Marshall Chess was born into the record business. Rock and Roll Hall of Fame doo-wop group the Flamingos played his bar-mitzvah dinner. As a 25-year-old in 1967, he steered the family blues label into the psychedelic counter-culture – starting his own imprint, Cadet Concept, and nudging Waters and Wolf into stretched-out, funky blues with their respective albums Electric Mud and The Howlin’ Wolf Album. Traditionalists hated the albums, and Rolling Stone panned Electric Mud – but the album was a top label seller for years, and wound up inspiring a generation of rappers, including Public Enemy’s Chuck D.

“Marshall brought the youth vision to Chess,” says Robert Gordon, a Memphis blues historian who wrote the definitive Waters biography, 2002’s Can’t Be Satisfied. “It was ahead of its time. I dismissed it upon hearing it, and not until Chuck D turned me onto it did I go back with open ears. It was f–kin’  rockin’, man! It took me 40 years to catch up to Marshall’s vision.”

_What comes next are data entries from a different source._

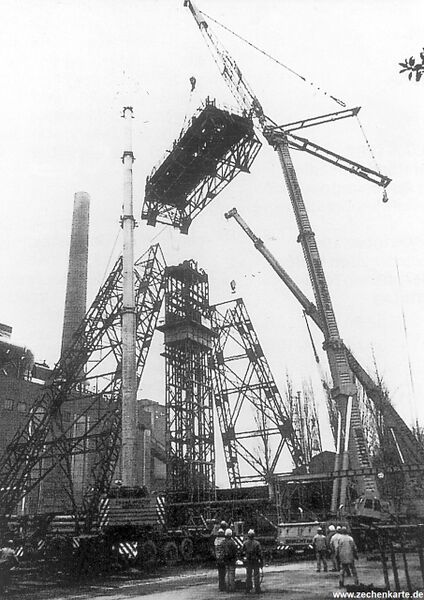 Abbruch des Fördergerüsts von Rheinpreußen Schacht 5 in Moers. Bild zur Verfügung gestellt von Hans-W. Penker.
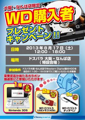 全国20店舗及びウェブ通販のパソコンショップを運営する株式会社ドスパラ (代表取締役社長:尾崎健介、本社:東京都千代田区)は、2013年8月17日(土)、 ドスパラ 大阪・なんば店にて、豪華賞品が当たる「WD購入者プレゼントキャンペーン!!」 を開催いたします。
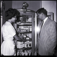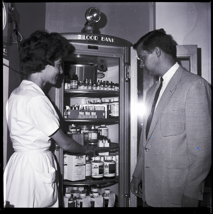 Pat Hankins, lab technician, shows Jack Swisher, blood drive chairman for the Twin Falls chapter of the American Red Cross, a cabinet filled with bottles of blood at the Magic Valley Memorial Hospital. The cabinet has a sign at the top reading "Blood Bank." Small bottles are on the top shelves of the cabinet, while large bottles labeled "O Negative" and "A Negative" are on the bottom shelves. Several bottles have informational tags attached to them. A box labeled "Plasma Protein Fraction, (Human) Plasmanate Cutter" is also visible.
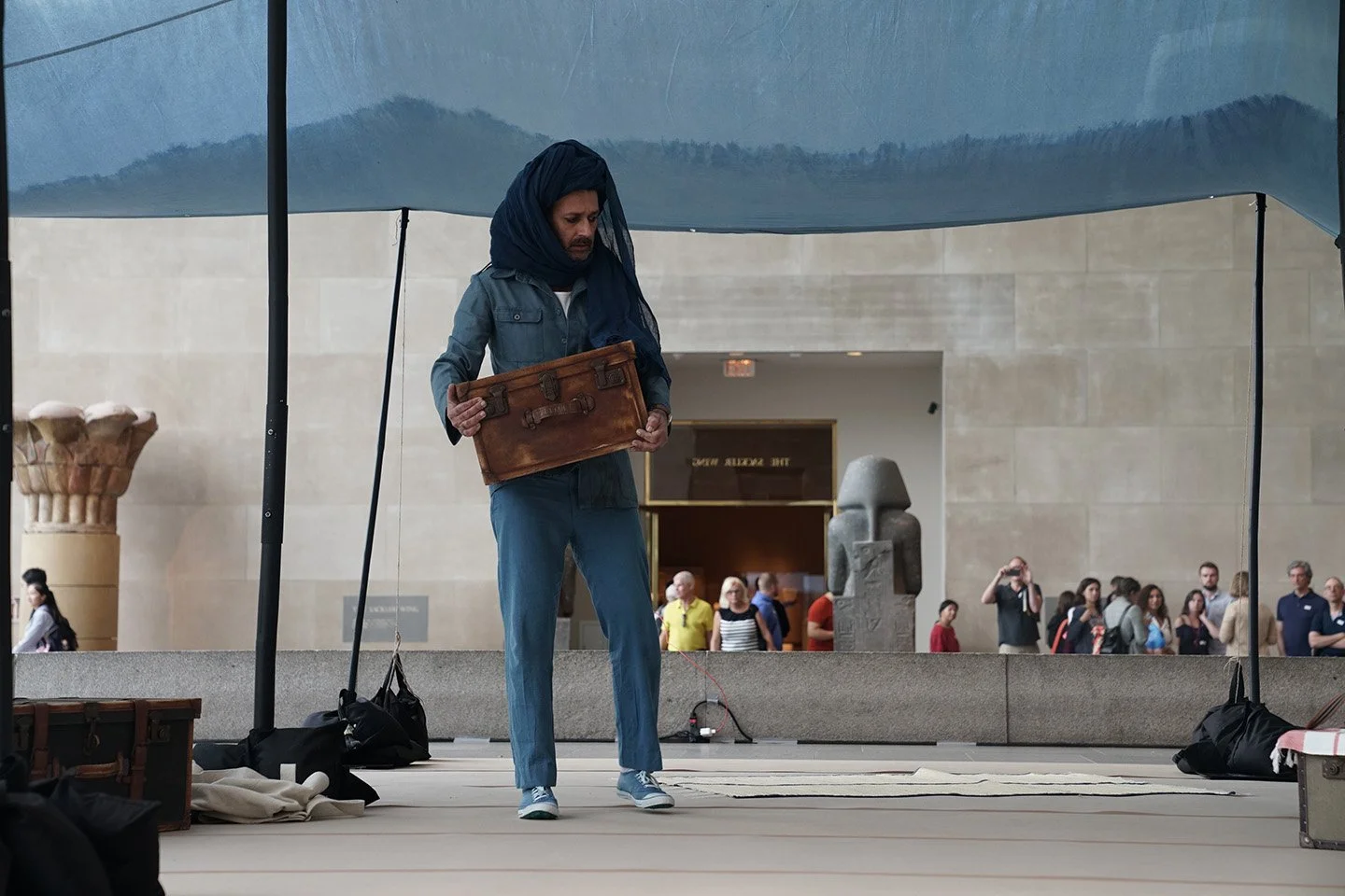 Chopra prepared for this performance over the course of more than a year. During multiple research trips, he spoke with curators, conservators, scientists, collections managers, building and security staff. He immersed himself in the Met’s collection and its physical layout, observing how audiences moved through the galleries.

The elder Chess, as ever, is delighted to play promo man for his latest venture. “High Temperature,” the slow-burning first single from New Moves, is scheduled for release next Friday (May 12), before the album comes out. “I want you to listen to two cuts, ‘Goin Down Slow,’ followed by ‘Mother Earth,'” Chess instructs on the Zoom, referring to tracks inspired by Howlin’ Wolf and Memphis Slim classics that deal with contemplating mortality. “I’m 80 years old, and they’re about dying with a smile. They helped me! Because I’m the epitome of going down slow.”